By Marion Smith, AIA, LEED AP, Engine House No. 1
and USGBC-Missouri Gateway Chapter Founder
As we celebrate the 20-year anniversary of our local USGBC Chapter this year, it has been a good reminder to reflect on what the green building movement looked like at the founding. Before our U.S. Green Building Council St. Louis Regional Chapter (now USGBC-Missouri Gateway), those of us interested in sustainable design and construction were groping and doing it clandestinely when owners weren’t on board –especially if it had little or no financial impact. Many others were interested but didn’t know how to begin. The co-chairs of the American Institute of Architects (AIA) St Louis environmental committee (John Hoag, Greg Polanik, Tom Tyler and myself) wanted to expand participation to include the entire design/construction industry but found it difficult to get other disciplines to join us. I was fortunate to work on one of two sustainable projects at Christner, Inc. with Croxton Collaborative Architects, who had designed the National Audubon Society’s headquarters. In some ways, we were way ahead of the industry, looking at the sources of power and its effect on the environment, recommending a gas condensing unit for the Illinois project because of the high sulfur coal used by the Illinois electric utility for generation versus an electric unit for the Missouri project where the utility used a harder, cleaner burning coal from Colorado.
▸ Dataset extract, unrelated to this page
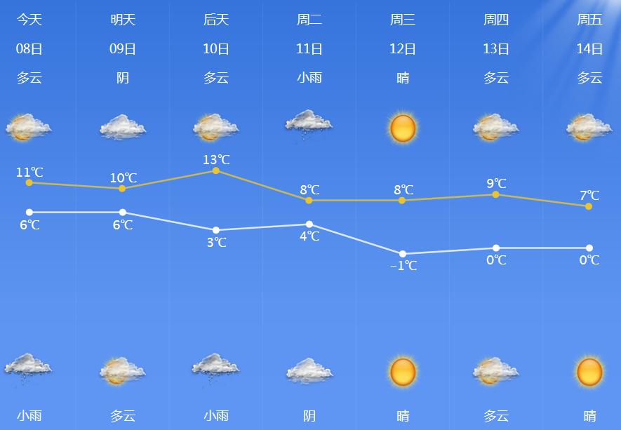 1月8日:多云夜里转阴;3℃-11℃

During this time, our USGBC-Missouri Gateway Chapter was a game changer! It convened membership from a diverse array of design and construction disciplines and offered a checklist to those who didn’t know where to start. It gave sustainable design a much higher profile, which also attracted owners. Although sustainable design is a very holistic concept, USGBC’s LEED Green Building Rating System provided steps to evaluate strategies for incorporating sustainable practices into design and construction. At first it was a single bean counting approach to sustainable design. For example, I remember people putting in bike racks in places where no one would ride a bike to get a LEED point. And I felt that there wasn’t enough recognition of the embodied energy in reusing an existing building with existing infrastructure.
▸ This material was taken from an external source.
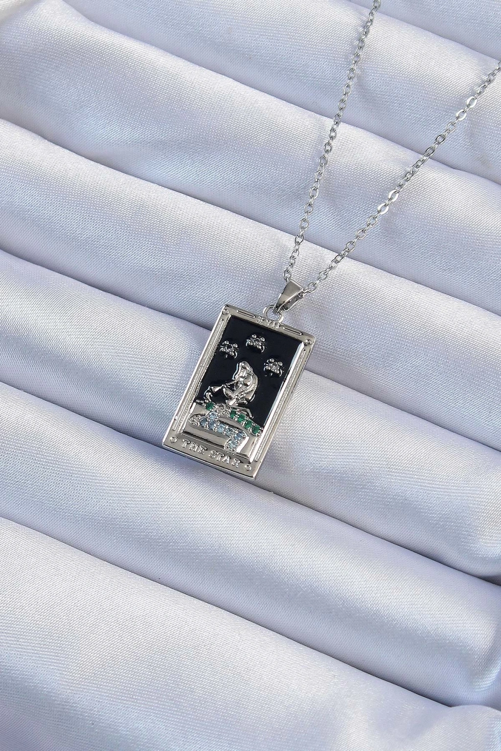 316L Çelik Zincir Gümüş Renk Zirkon Taşlı Siyah Mineli Kız Figürlü Tarot Kolye - TJ-BKO9228

From a one-size-fits-all beginning, USGBC has furthered its mission to guide design and construction to protect safety, health and sustainability in the design and construction industry. The point structure was revised to place more weight on credits that have greater positive impact on climate and health. Different strategies for different applications were developed. While it began with one rating system LEED Building Design and Construction (BD+C) for new buildings and existing buildings undergoing major renovations, the suite of rating systems expanded to include Interior Design and Construction (ID+C), Existing Building Operations & Maintenance (O+M) which focuses on the sustainable practices employed during the ongoing use of the building, Neighborhood Development (ND), Homes, and Cities & Communities. And the new LEED Zero program certainly is holistic, not prescriptive. For as many buildings that are LEED certified, there are many more that are designed and constructed using those standards without being formally certified so the impact is even greater than recorded. Has USGBC, LEED, and our local USGBC-Missouri Gateway evolved over these 20 years? Absolutely! Will it continue to evolve? Most certainly! We still have a long way to go – and we hope you’ll join us in our work to make every building a green building.